The GLBBQA is not a backyard smoker kind of site but a competition orientated site.

I hope you can make it to the get together this year and I get to meet you.

Stan


----------



## maple sticks (Apr 18, 2014)

Thanks for the reply Stan, July is a bad time of the year for me, or I should say good time I guess. My blueberries start some time in July and run for six to eight weeks. Last year was my first year harvesting. Sell them at the local farmers market. Have just enough plants to keep me busy 350. Will get in touch if I can make it to any of the comps as I do like to look at the different smokers and meet people. If it works out see you this summer.


----------



## handymanstan (Apr 19, 2014)

I do love Blueberry's and have 4 plants that struggle to give me any fruit.  To much clay here I believe.  Good luck on your crop this year.
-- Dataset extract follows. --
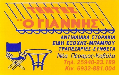 Στην επιχείρηση ΤΕΝΤΕΣ Ο ΓΙΑΝΝΗΣ που εδρεύει στην Νέα Πέραμο της Καβάλας, δεν σταματούμε να ερευνούμε τις τάσεις της αγοράς αλλά και τις νέες ανάγκες που δημιουργούνται. Αναζητούμε συνεχώς καινούρια προϊόντα για να καλύψουμε όλες σας τις απαιτήσεις και εισάγουμε κάθε πρωτοποριακή τεχνολογία σε όλη την γκάμα των προϊόντων μας. Η πολύχρονη πείρα μας, εγγυάται τη σωστή τοποθέτηση και εγκατάσταση της τέντας.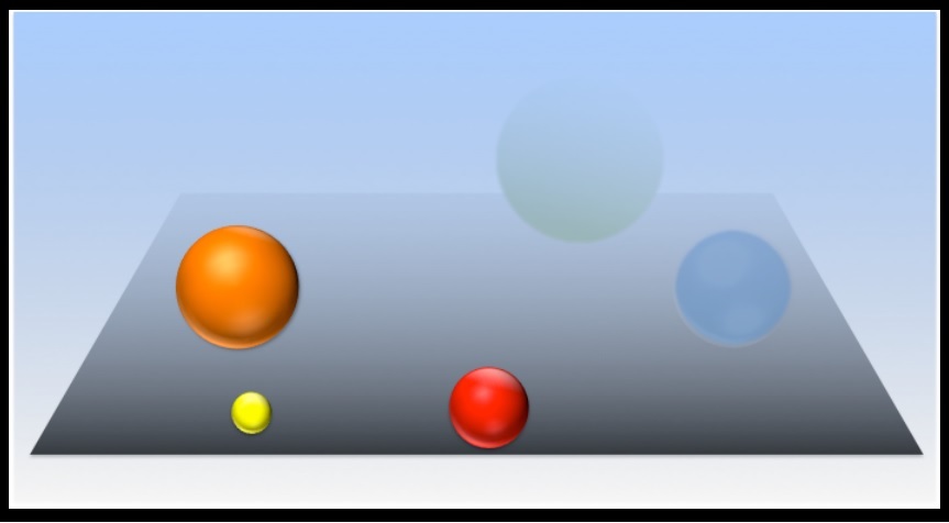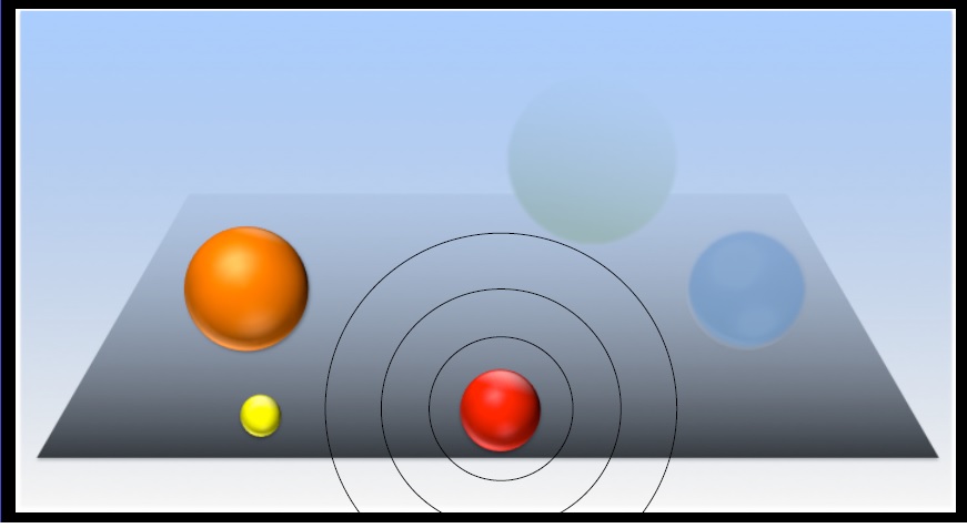 Humans, as Redelmeier explained, are fallible when it comes to judging distance. We can judge something within reach fairly accurately, but the further away something is the poorer our judgment. He showed a picture with five balls, three of them clear and bright and two of them faded, and asked the audience to say which was the closest to a red ball.

Whats your favorite blueberry recipe?  I love cobbler and warm blueberry sauce on ice cream.

Stan


----------



## maple sticks (Apr 19, 2014)

Blueberries like acidity. PH needs to be around 4.5 which is one of the lowest any plant needs. Vinegar added to the water is the easiest way for you to lower PH. I add battery acid to my water because of the size of my field using a micro pump to keep the PH down. Blueberries like damp not wet. Lots of wood chips keep the ground just right. I eat anything with blueberries in it. Eat most of mine while picking.


----------



## handymanstan (Apr 19, 2014)

Maple Sticks said:


> Blueberries like acidity. PH needs to be around 4.5 which is one of the lowest any plant needs. Vinegar added to the water is the easiest way for you to lower PH. I add battery acid to my water because of the size of my field using a micro pump to keep the PH down. Blueberries like damp not wet. Lots of wood chips keep the ground just right. I eat anything with blueberries in it. Eat most of mine while picking.


Thanks for the vinegar tip I will check the ph today.  I did add some rusty nails to the soil when I planted them. I don't know if that helps but was told that blueberrys like rust.


----------



## maple sticks (Apr 19, 2014)

Have not heard about rusty nails. They do like peat.


----------